High grain prices of years past have kept pasture land in short supply and raised rent prices for some beef producers. However, it may be time to negotiate, says a Michigan State University Extension specialist – commodity trends show easing prices into the New Year.
Pasture values generally tend to follow cattle and corn prices over time, and even though pressure may still be on grazing lands in the short term as livestock producers look to expand or find new grazing opportunities, it appears cattle and corn prices are headed back to a "new normal."
Following those prices and local land rent for cropping systems will help determine pasture prices in your region, says Kevin Gould of MSU Extension.
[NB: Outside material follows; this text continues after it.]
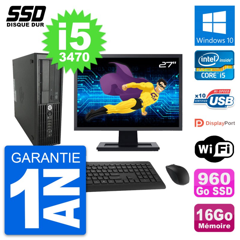 PC HP WorkStation Z220 SFF Ecran 27" i5-3470 RAM 16Go SSD 960Go Windows 10 Wifi
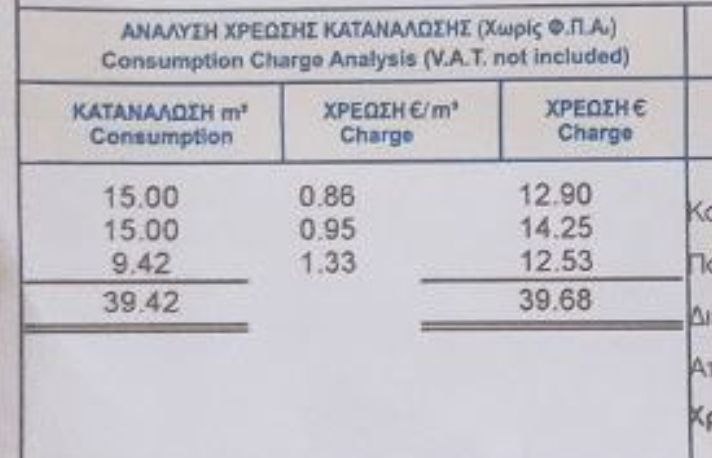 Я так понимаю что тут показания кто-то ходит и снимает за определенный период. Судя из платежки примерно раз в три месяца. Потому что мне хозяйка сказала что она никогда показания не подавала и вообще не вкурсе где они снимаются. И получается из моей платежки за 3 месяца потратили 39'42 кубометров воды. И из эту сумму делят: что первые 15 кубов 0.86 стоят , вторые 15 0.95 стоят и тд

The main focus when leasing pasture is for both parties to receive a fair value for the land resource and grazing opportunity. Gould recommends six steps to determining the market value of pasture land:
1. Determine pasture quality and project grazing value with flexibility build into the lease
2. Select a pricing and payment system that both parties agree on
3. Identify who is responsible for checking livestock inventory on a regular basis
4. Identify who is responsible for “problems” with livestock, fences, water systems, etc.
5. Put the entire lease agreement in writing under a contract format with signatures
6. Work toward multiple-year leases that benefit both parties
In addition, Gould says producers may consider benchmarked prices from the Flint Hills area or Kansas State University's 2012 rental survey as a starting point.
Gould offers another link for producers wanting more information: the publication "Pasture Rental Arrangements for Your Farm," offered by the North Central Regional Extension.